Work request: Although the records contain pictures, none belong in the copy: restate word for word only the lines from the one with "- Kostka pełna" through the one with "브레이크액 주입 아답터를", both included.

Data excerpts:
|---|
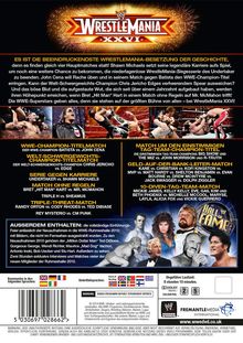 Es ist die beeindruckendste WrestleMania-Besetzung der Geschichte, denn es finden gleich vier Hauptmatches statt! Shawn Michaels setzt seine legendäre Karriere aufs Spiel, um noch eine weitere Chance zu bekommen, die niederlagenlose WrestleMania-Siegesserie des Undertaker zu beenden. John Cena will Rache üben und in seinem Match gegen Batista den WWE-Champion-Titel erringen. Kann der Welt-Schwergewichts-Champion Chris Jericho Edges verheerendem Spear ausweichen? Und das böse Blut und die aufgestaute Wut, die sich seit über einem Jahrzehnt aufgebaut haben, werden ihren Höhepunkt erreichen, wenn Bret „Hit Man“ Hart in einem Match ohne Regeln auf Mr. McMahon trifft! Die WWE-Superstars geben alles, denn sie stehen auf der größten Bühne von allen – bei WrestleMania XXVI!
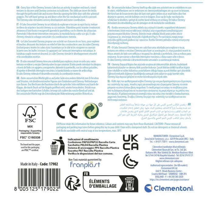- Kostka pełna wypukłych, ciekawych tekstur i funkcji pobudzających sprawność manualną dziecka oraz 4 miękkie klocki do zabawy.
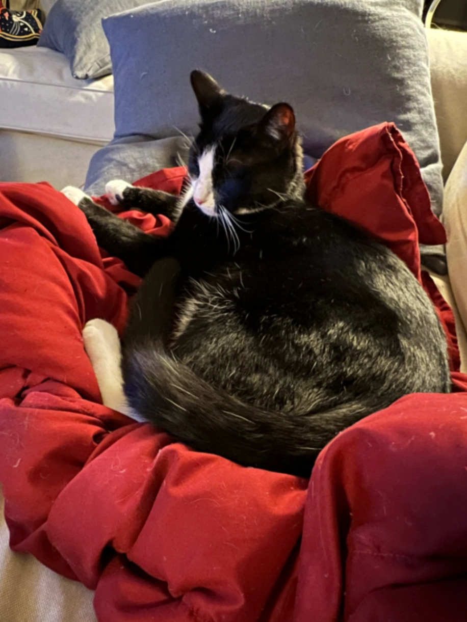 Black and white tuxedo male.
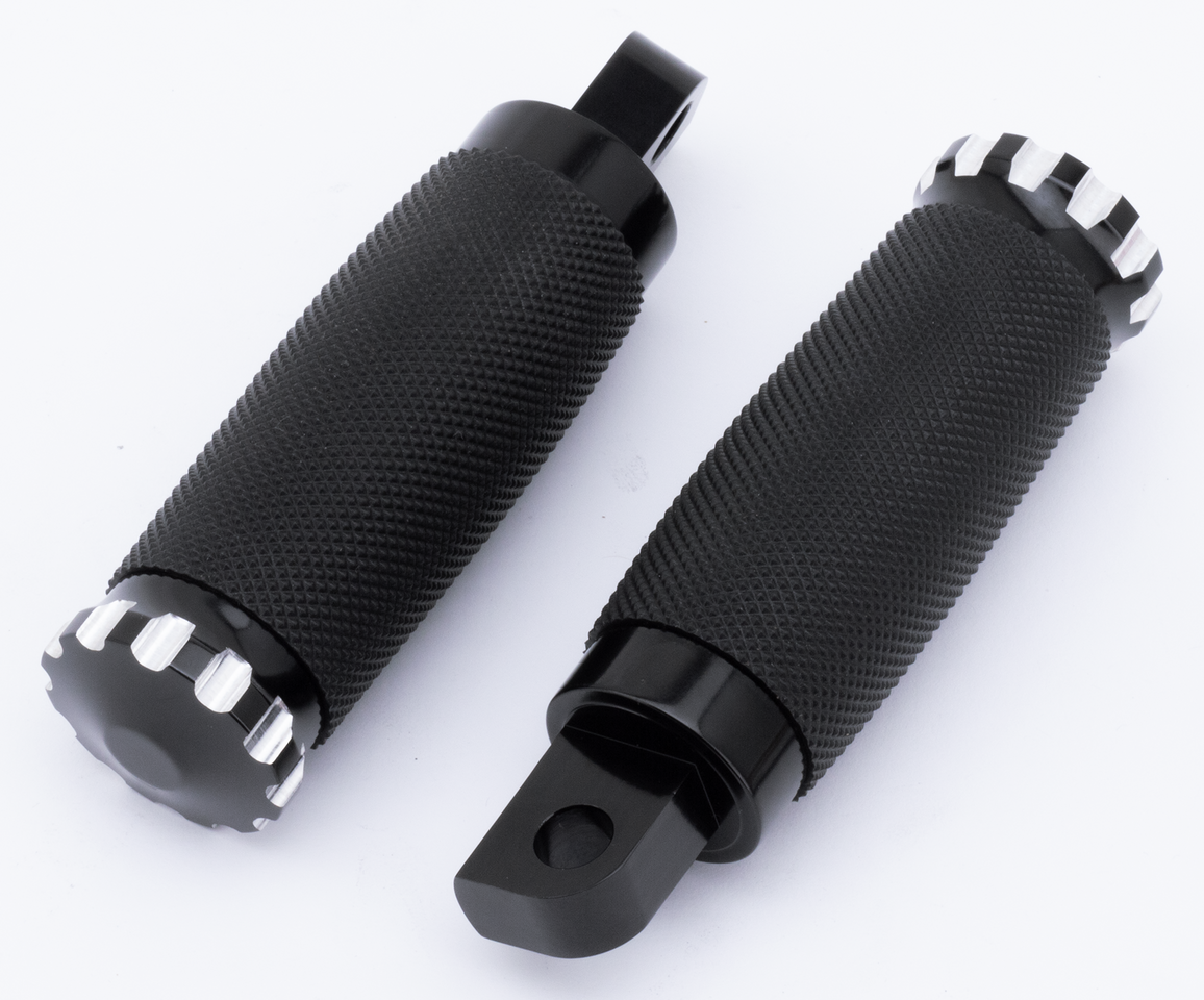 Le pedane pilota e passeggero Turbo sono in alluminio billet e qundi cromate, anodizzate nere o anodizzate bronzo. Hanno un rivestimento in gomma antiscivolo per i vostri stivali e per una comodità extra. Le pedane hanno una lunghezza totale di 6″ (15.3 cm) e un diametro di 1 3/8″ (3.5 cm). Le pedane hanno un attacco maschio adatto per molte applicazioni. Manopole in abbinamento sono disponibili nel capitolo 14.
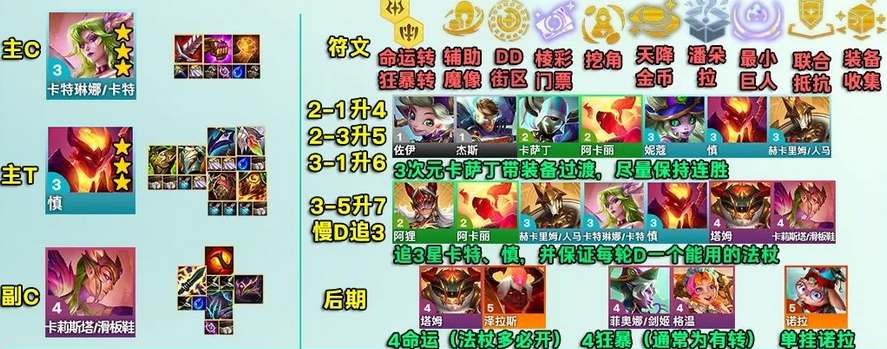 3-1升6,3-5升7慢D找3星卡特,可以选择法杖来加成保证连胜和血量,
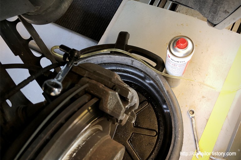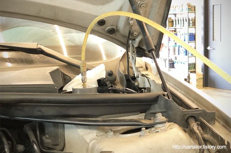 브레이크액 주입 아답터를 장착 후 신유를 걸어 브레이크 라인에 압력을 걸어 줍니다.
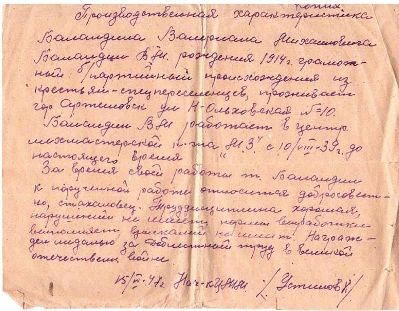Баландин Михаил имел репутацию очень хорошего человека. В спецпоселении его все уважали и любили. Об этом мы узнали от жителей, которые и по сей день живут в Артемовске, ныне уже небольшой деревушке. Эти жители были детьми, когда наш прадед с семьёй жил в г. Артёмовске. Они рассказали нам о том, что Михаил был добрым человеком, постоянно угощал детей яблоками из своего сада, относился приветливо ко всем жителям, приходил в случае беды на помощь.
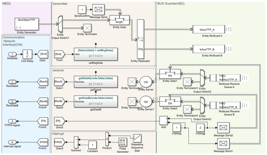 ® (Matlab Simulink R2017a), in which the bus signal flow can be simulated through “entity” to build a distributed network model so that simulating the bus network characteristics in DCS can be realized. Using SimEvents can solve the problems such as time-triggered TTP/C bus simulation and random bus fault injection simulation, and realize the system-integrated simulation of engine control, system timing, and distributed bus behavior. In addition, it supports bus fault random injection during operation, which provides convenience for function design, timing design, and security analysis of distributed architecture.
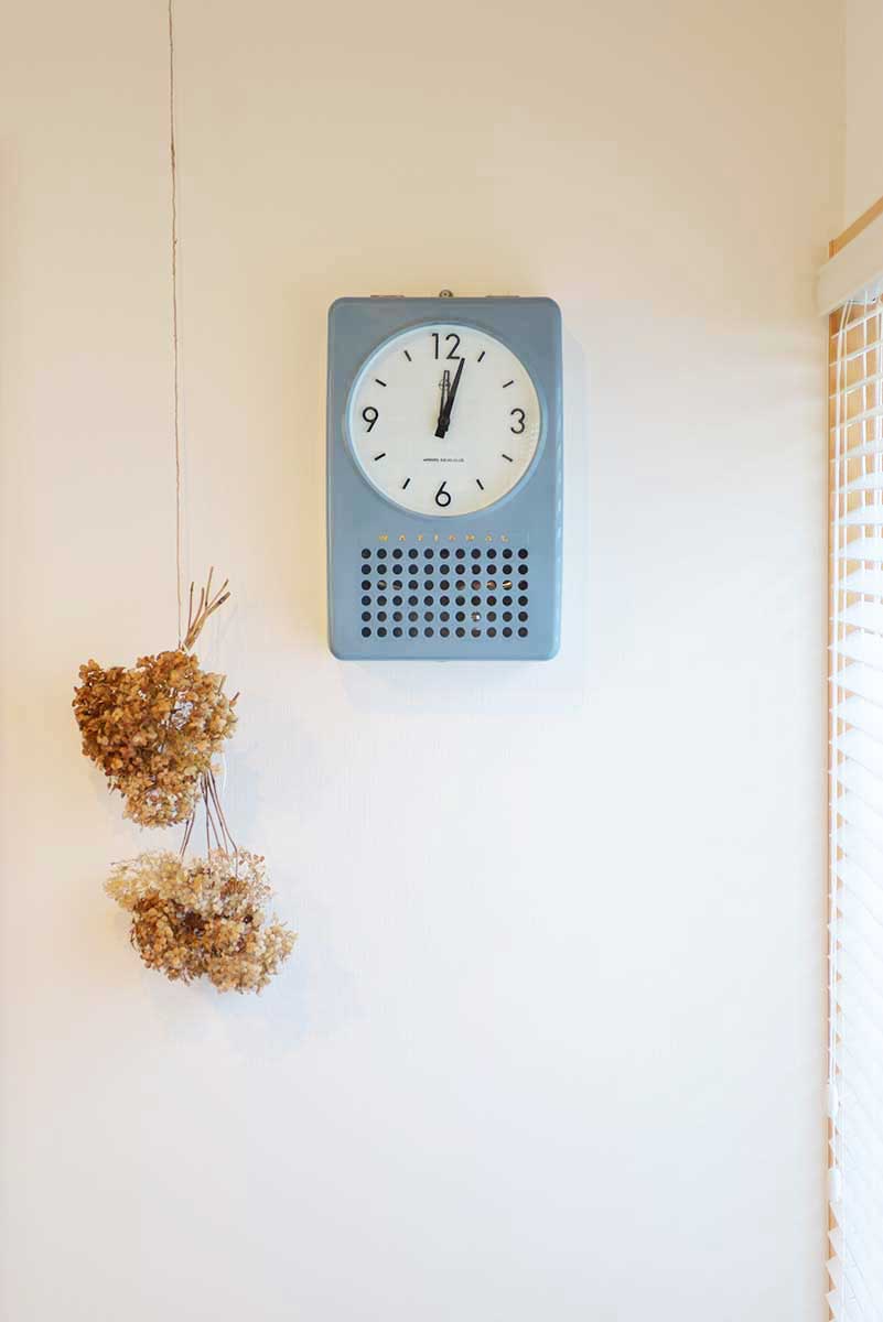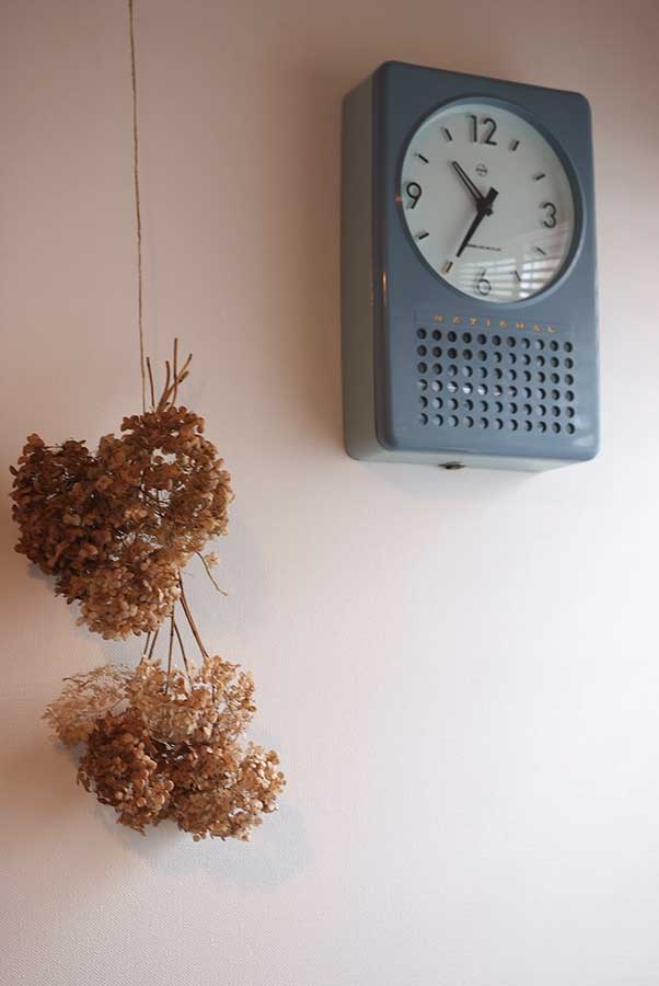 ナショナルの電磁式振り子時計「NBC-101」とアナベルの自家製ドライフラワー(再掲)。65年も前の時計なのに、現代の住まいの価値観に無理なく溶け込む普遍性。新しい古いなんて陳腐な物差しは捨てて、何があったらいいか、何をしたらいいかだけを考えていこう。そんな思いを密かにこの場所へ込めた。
|---|
Response area:
- Kostka pełna wypukłych, ciekawych tekstur i funkcji pobudzających sprawność manualną dziecka oraz 4 miękkie klocki do zabawy.
 Black and white tuxedo male.
 Le pedane pilota e passeggero Turbo sono in alluminio billet e qundi cromate, anodizzate nere o anodizzate bronzo. Hanno un rivestimento in gomma antiscivolo per i vostri stivali e per una comodità extra. Le pedane hanno una lunghezza totale di 6″ (15.3 cm) e un diametro di 1 3/8″ (3.5 cm). Le pedane hanno un attacco maschio adatto per molte applicazioni. Manopole in abbinamento sono disponibili nel capitolo 14.
 3-1升6,3-5升7慢D找3星卡特,可以选择法杖来加成保证连胜和血量,
 브레이크액 주입 아답터를 장착 후 신유를 걸어 브레이크 라인에 압력을 걸어 줍니다.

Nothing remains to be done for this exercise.